Spiritless eyes meet your gaze in the glass, early crows feet forming from periods of prolonged stress. A bone deep exhaustion reflected in your undereye bags, the dull pallor of your complexion. The frizziness of unmoisturized locks begging for a drink. Wind chapped lips and an eternal frown.
The oversized shirt hangs baggy on your form, once belonging to your brother but now in your possession. If you lifted up the garment you could practically count the ribs, a once healthy layer of fat and muscle cannibalized by famished cells and underutilization. It's hard to keep on weight when your stomach rejects the nourishment you try to provide.
If this is the empty shell you’ve become a full continent away from him then it’s hard to imagine what lifeless husk of a creature you might’ve deteriorated into under his brand of care.
There’s no more energy left by the time you do your business and finish brushing your teeth, knowing what few bolts remain will have to go towards the impending headache of customer service. Taming your unruly hair will just have to wait until later – if at all.
You flick the lights on as you pass, trudging on shaky legs to the cabinets above the microwave. There’s still too much unease in your tummy for your usual coffee order, opting for a mug of herbal tea to help settle the irritated organ, a spoonful of honey cutting through the mild bitterness. Settling on a sleeve of poptarts for a lazy breakfast, you lumber your way over towards the couch and the awaiting annoyances.

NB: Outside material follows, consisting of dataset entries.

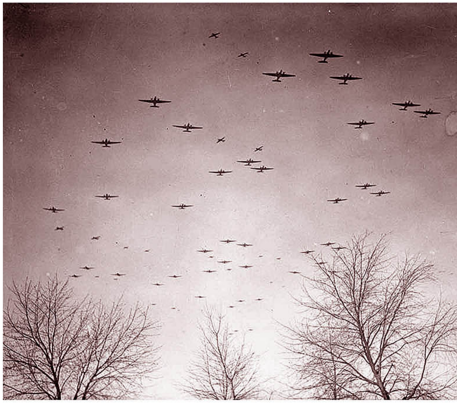
In the skies over Germany a small part of the 5,000 plane armada roars en route to Wesl, where 5,814,000 pounds of men and guns and equipment were dropped in an area two miles by three miles.

bling out of the C-47s, their green camouflage chutes blending with the dark gray ground. The troop-carrier serial seemed like a snail, leaving a green trail as it moved along. And it was crawling indeed—about 115 miles an hour. Our big Fort seemed to me to be close to stalling speed.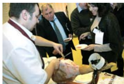
Spanish cuisine Zone on the Gourmet-Banquet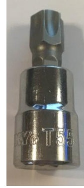
Figure 3 3/8" T55 TORX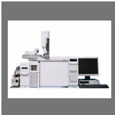
Gas Chromatograph System with FID Detector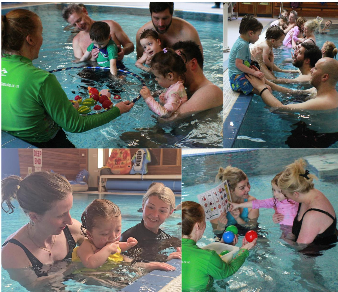
Water Space Programme

Our Water Space programme now has 18 families registered for sessions, with a small waiting list. Currently we are engaging with children from several local authority areas including Dunblane, Barrhead, Greenock, Musselburgh, Islay, Fife and Perth and Kinross, extending our national reach.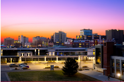
Project Downtown History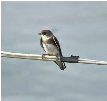
14 Aug 2022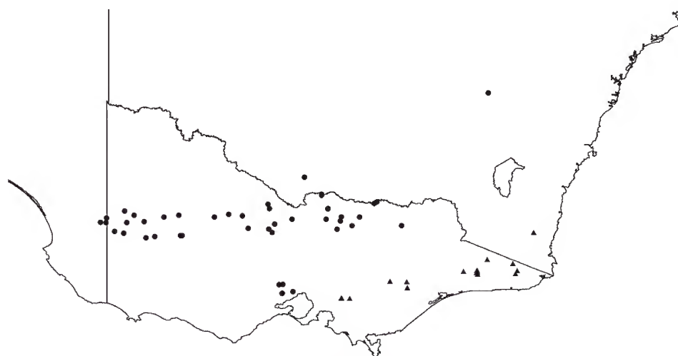
Figure 3. Distribution of Pimelea curviflora subsp. fusiformis (triangles) and subsp. planiticola (circles) based on herbarium collections at MEL and selected specimens from CANB and NSW.

from the Latin for spindle-shaped, a reference to the distinctive shape of the seed.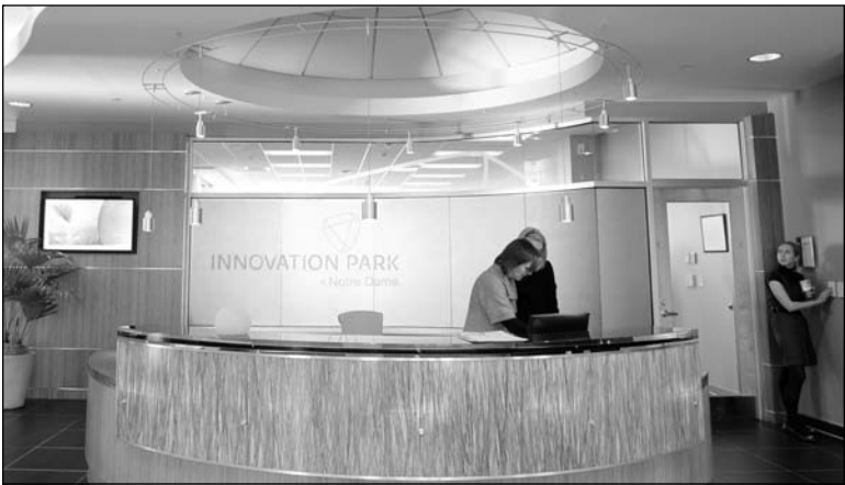
Current Notre Dame faculty and students helped found two of the businesses established at Innovation Park. The building's lobby is shown here.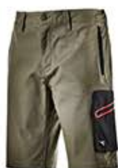
70167 - GREEN FOREST NIGHT

Opening shifts were always the worst.
Originally you’d approached the company with open availability in hopes of bettering your chances at landing a remote job. In those days, commuting to a location had been out of the question. It took months of submitting applications – relying solely on your family for all your expenses – before someone finally gave you an opportunity to rejoin the workforce.
(You wept the day you received the offer from HR. Having even a sliver of autonomy returned to you after a tumultuous period without it was as the first melting snow of a long envisioned spring).
Unfortunately it meant you were handed the hours no one else wanted to take. Most days that was the early shifts.
It’s not like you work a whole hell of a lot. The job itself is only part time after all and fairly easy; fourteen hours max per week. But you’d quickly learned that the later you were scheduled, the clearer your brain was to focus, the better you performed overall.
Now if only the big wigs at corporate would allow you to update your availability. When last you’d scrounged up enough courage to broach the topic to your immediate supervisor you were promptly informed that there was no current flexibility to your role and, when pressed, sent a look via Zoom that clearly said don't push it.
So much for ‘warm family environment’.
A small rolling side table acts as your makeshift desk, the apartment too cramped for something proper no matter how many attempts to tetris the layout. One of your fathers had come up with the brilliant solution while shopping at ikea for new end tables, spotting the piece of furniture and shipping it out to your location. You’d had to brave the awkward visit of the buff delivery man for a signature – hiding behind the door jamb like a sketchy criminal – but the purchase had been well worth it for how cluttered your poor kitchen table had previously looked, a jumbled mess of pens and wires, certifiably hazardous with its lengthy extension cord.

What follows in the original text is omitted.